Published in Sinclair User #78

Last Ninja 2

Just who are these people who say there's nothing more you can do with the Spectrum? Panda pooh. The Last Ninja 2 is as good a game as I've seen on any computer, and all the colours and sampled sound effects in the world wouldn't alter the fact that the Spectrum version is wonderfully playable and looks fab.

Last Ninja 2, you say? What happened to Last Ninja 1? Apparently, it was a bit of a bish and System 3 wisely decided not to market the Spectrum version, though it was a hit on the Commodore 64. There's a chance that LN1 will appear on the Spectrum now that they've sorted out the problems.

LN1 was a fighting/strategy game set in ancient Japan, in which Mr Ninja took on the evil warlord Kunitoki. Last Ninja 2 looks very much the same, with a large playing area in the top left of the screen, and displays of your current weapon or object, timer, score and fighting strength. There's a choice of joystick control modes - normal, directional, and so on - so you can choose the one with which you feel most comfortable. Options include a variety of fighting moves such as punches, kicks, ducks and leaps, and you can also pick up and use objects, selecting the current object with the keyboard.

Last Ninja 2

What's changed is the setting; instead of ancient Japan, you are now plonked in the rough-and-tumble of modern New York, transported through time to take out the evil Kunitoki, well-known ninja-slaughterer and stealer of Orbs of Power.

The first thing you'll notice is that the backgrounds and characters are fantastically detailed and realistic. You start off in Central Park, complete with bandstand, park benches, fences, trees, paths, lakes, streams; it's all there. It's a multi-load game, with 16 or 17 screens for each of the five loads, so that's lots of screens.

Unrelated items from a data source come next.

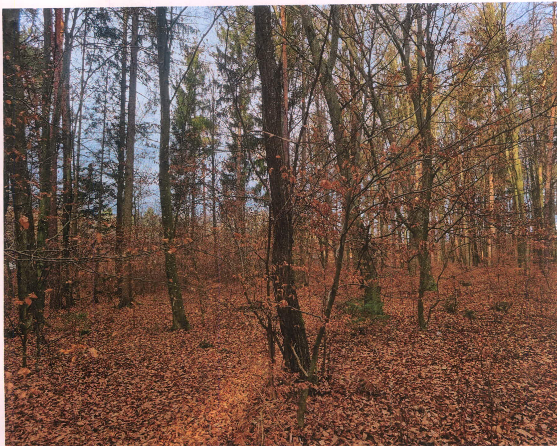
Slika 1: k.o. Krašči, parc, št. 1236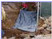
Ref: Fácil-2- 04

03 - Estando pronto a cava, estique a manta de pvc especial para laguinhos, faça com que as bordas sejam alcançadas pela manta esticando-a. Lembre-se de verificar se não há torrões ou pedras na cava antes de colocar a manta.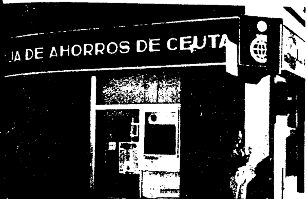
URBANA NUM UNO Plaza de la Constitución (CAJERO AUTOMATICO)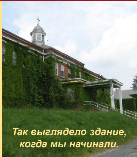
Так выглядело здание, когда мы начинали.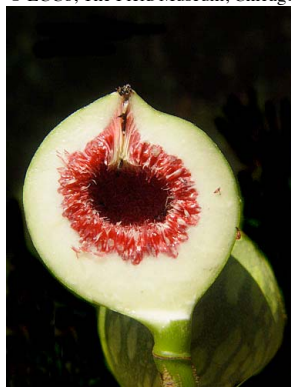
41 Ficus inspida

© G. Cornejo-Tenorio [gcornejo@cieco.unam.mx] y G. Ibarra-Manríquez [gibarra@cieco.unam.mx] Laboratorio de Biogeografía y Conservación, Centro de Investigaciones en Ecosistemas, UNAM. © ECCo, The Field Museum, Chicago, IL 60605 USA. [http://fieldmuseum.org/IDtools] [irrc@fieldmuseum.org] Rapid Color Guide # 394 versión 1 05/2013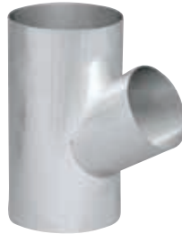
● ト管 各口径のト管を製作します。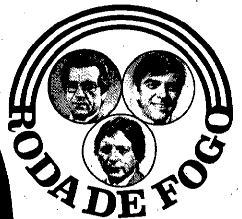
Eduardo - Rolando Boldrin Bento - Francisco Milani Edmundo - Fulvio Stefanini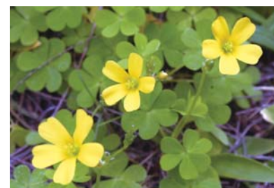
こちらはカタバミ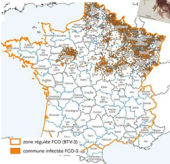
Carte des foyers FCO3 en France début janvier 2025

Rappel des principaux symptômes à surveiller : fièvre, tête gonflée, œdème, difficultés de locomotion, croûtes sur le mufle, ulcérations dans la bouche, salivation, jetage, langue bleue et amaigrissement.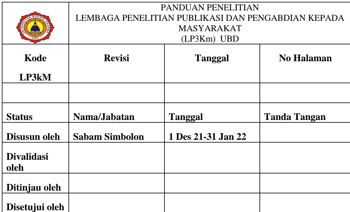
Tabel 1. Tabel Lembar Pengesahan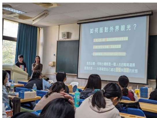
多元性別講者分享出櫃的經驗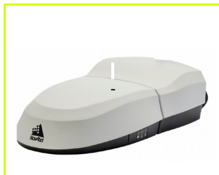
RELAY7 połączony z odbiornikiem SMART7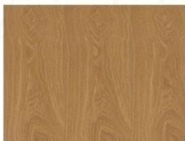
天然木皮饰面家具板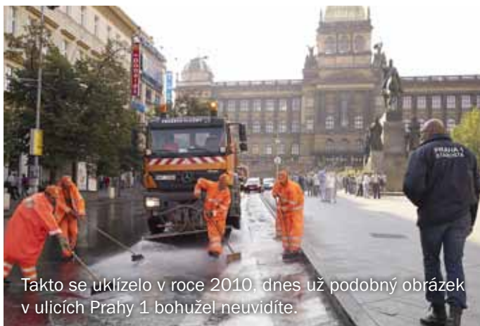
Takto se uklízelo v roce 2010, dnes už podobný obrázek v ulicích Prahy 1 bohužel neuvídíte.

Po dobu mého starostování Praze 1 byl úklid ulic jednou z absolutních priorit. Moji nepřátelé sice šířili hanlivou přezdívku pan Košťátko, ale já trvám na tom, že platilo a platí: Nejprve má být uklizeno před vlastním prahem!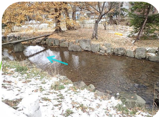
水深は浅く、河岸は広いため、環境活動の場として利用できます。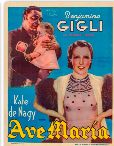
Filmposter Ave Maria (1936)

gedenkt een plaquette nog de plek waar admiraal Pavlos Koundouriotis, bevelhebber op het iconische fregat 'Averof', aan land stapte. Ik lees erover op een van de vele informatiepanelen die door het stadsbestuur voor bezoekers zijn neergezet. Via een QR-code wordt nog meer van het verleden toegankelijk gemaakt, in het Grieks én Engels.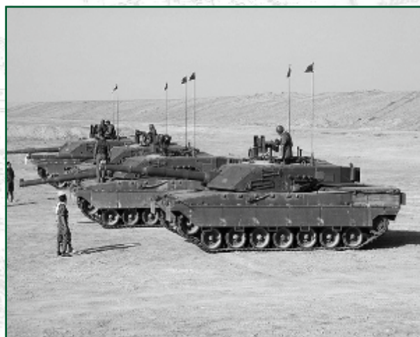
Plotone di C1 Ariete in Iraq

Attualmente i reggimenti carristi, con complessive nove compagnie carri, sono quattro: il 1° a Teulada, il 4° a Persano, il 32° a Tauriano e il 132° a Cordenons.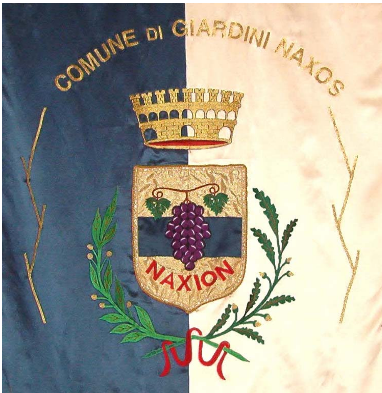
Gonfalone del Comune di Giardini Naxos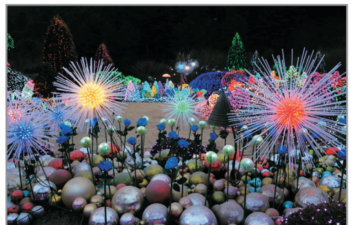
晨靜樹木園~五色星光庭園展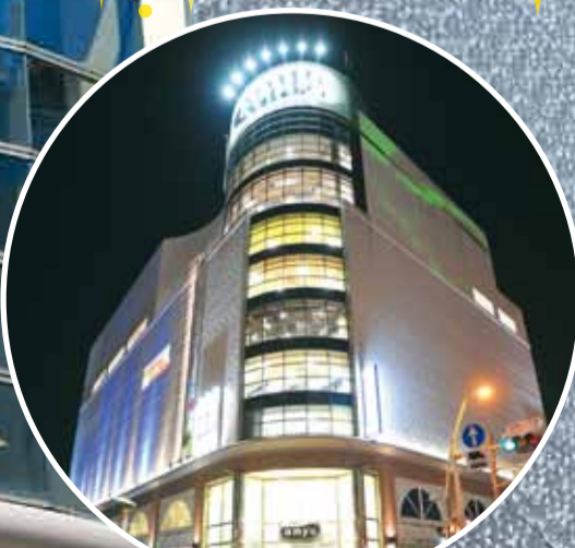
夜間はきらびやかなイルミネーションが点灯

—地下1階～4階のショッピングフロアと9階の映画館は、4月24・25日の2日間、11時～17時に限りプレオープンします。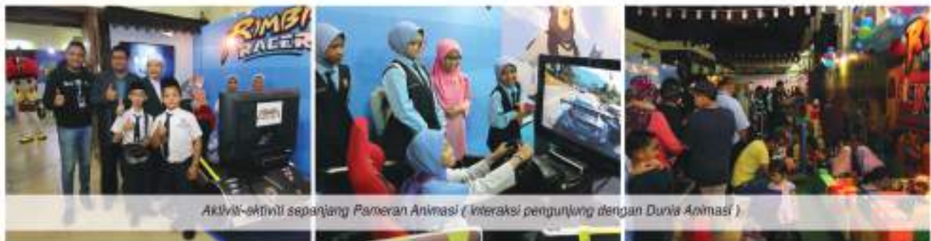
Aktiviti-aktiviti sepanjang Pameran Animasi ( Interaksi pengunjung dengan Dunia Animasi )

Pameran Animasi ini menampilkan 30 maskot-maskot Animasi daripada Pavilion Planet Sdn. Bhd. yang mengendalikan persembahan sepanjang pameran ini. Pameran yang berlangsung selama dua bulan ini telah dikunjungi oleh puluhan ribu pelawat dari dalam dan luar Kelantan.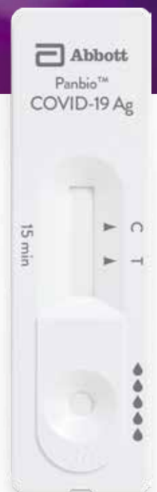
Panbio™ COVID-19 Ag Rapid Test Device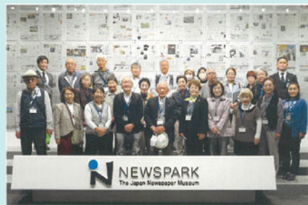
ニュースパークにて

裁判員として参加する可能性がある刑事裁判について、肌で感じることができ、とても良い経験になりました。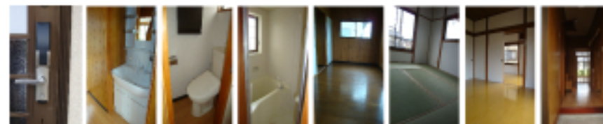
デジタルキー 洗面化粧台 ウォッシュレット 浴室 2F洋室 2F和室 1F洋室 玄関ホール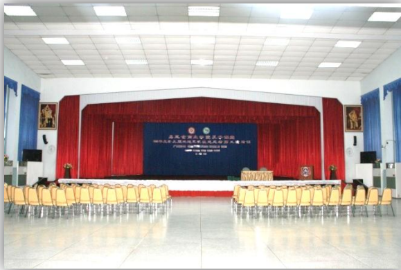
หอประชุม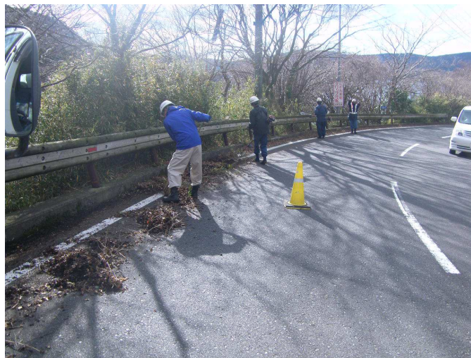
神奈川県建設業協会の清掃状況(箱根地区)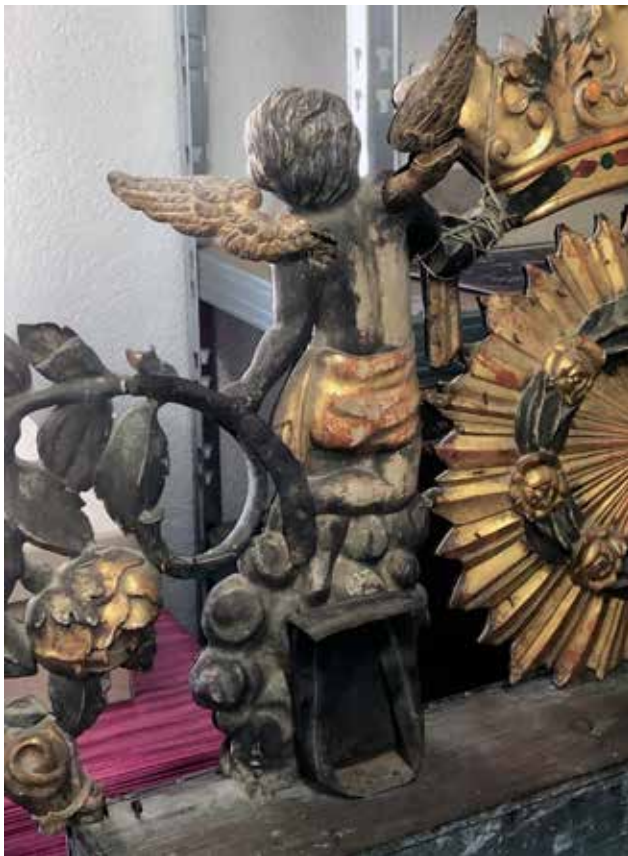
15 Zatečeno stanje anđela Condition of angel figures before restoration

Zajedničkim dogovorom imotskog gvardijana fra Kristiana Stipanovća i nadležnih konzervatora odlučeno je kako je, zbog jako lošeg stanja, nužno obnoviti srebrni okvir slike. 46 U veljači 2019. godine okvir je poslan na restauraciju u restauratorsku radionicu tvrtke Kvinar d.o.o. iz Podstrane.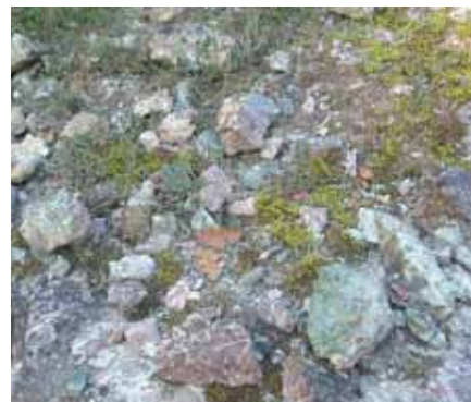
Frammenti sparsi di oficalciti

del Bianchi (dal nome dell'ingegnere che per primo le individuò), con lo scopo di farne manufatti artistici o lastre ornamentali di rivestimento. Curioso sapere che sparsi per la città vi sono dei piccoli pezzi di oceano di oltre 100 milioni di anni fa, come ad esempio un piccolo ciborio nella Cattedrale del S. Sepolcro o le lastre che coprono le pareti dell'ex Albergo Roma (oggi Mobilificio Toscano).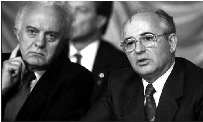
Эдуард Шеварднадзе и Михаил Горбачев.

Как сообщает РБК, в Тбилиси на 87-м году жизни скончался один из архитекторов перестройки, последний министр иностранных дел Советского Союза и бывший президент Грузии Эдуард Шеварднадзе.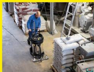
Multifunktions-Flächensauger NT 75/2 Tact² Adv Farmer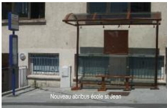
Nouveau abribus école st Jean

A la demande des parents d'élèves, un abribus a été installé devant l'école.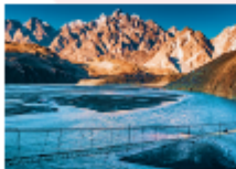
สะพานแขวนอุสโซนิ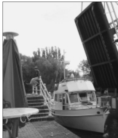
Partnerské město Weesp - jeden z mnoha zvedacích mostů

Na úseku školství připravujeme společně s odborem městského stavitele plán investičních akcí a údržby školských zařízení. Letošní největší akcí bude první etapa opravy fasády Základní školy na T. G. Masaryka, jejíž rozpočet se blíží ke třem milionům, druhá etapa opravy proběhne příští rok. Pokračují práce na opravách prostor po Pedagogicko psychologické poradně, kde vznikají prostory pro nulté ročníky speciální školy. Dále chystáme vyhlášení ankety sportovec roku a začínáme připravovat oslavy desátého výročí podepsání smlouvy o partnerských vztazích s holandským městem Weesp, které připadají na letošek. V běhu jsou také přípravy na konkretizaci a podpis partnerské smlouvy s Okresním úřadem v Banské Štiavnici, čekáme jejich návštěvu ve Svitavách.

Your ninja character is excellently animated, and because all the graphics are monochrome there's no problem with colour clashes. The game combines fighting and puzzle-solving, so while it's good fun to kick senseless the guards, punks and corrupt cops who attack you on the way, a major element is working out how to find and use objects. How, for instance, do you kill the giant crocodile in the sewer? Could it be something to do with the bottle? Can a chicken really save you from a black panther? Where do you find extra food? And just how does that pole help you to cross a stream?

Last Ninja 2

Your eventual aim is to find Kunitoki and reclaim the stolen Orb of Power. Since he has set himself up as overlord of a drugs empire, this involves you fighting your way through the park, the sleazy backstreets of NY, the sewers, a drugs factory, and Kunitoki's gothic headquarters. If you find the end point of each level - usually an obvious door or other exit - a menu comes up asking you if you want to load the next stage. Usually, but not always, any objects you find relate to a puzzle in the same stage. However, some relate to later levels, so before you move on, make sure you have found everything there is to be found.

Clear? Though there are no sound effects, this doesn't really detract from the game. There is a theme tune which plays in pause mode.

Last Ninja 2 is a massive game with massive packaging; a huge box, a 64-page novella/manual packed with juicy clues, and loads of ninja-style novelties. Considering the derivative dross some companies are churning out at £9.95, it's a bargain even at £12.99, because it will keep you playing for months. Even if you complete the game, you can play again trying to get a higher score - read our little boxes for some handy hints.

Last Ninja 2

Programmer Mev Dinc, he of Gerry the Germ, Prodigy and Knightmare has done a superlative job. Gary Thornton's graphics are excellent, and even in 48K mode the music of Brian Marshall is catchy and entertaining. Buy this game or a big Japanese will poke you in the eye.

Label: System 3 Author: Mev Dinc Price: £12.99 Memory: 48K/128K Joystick: various Reviewer: Chris Jenkins

Overall Summary

Huge, wonderful, unmissable martial arts graphic adventure.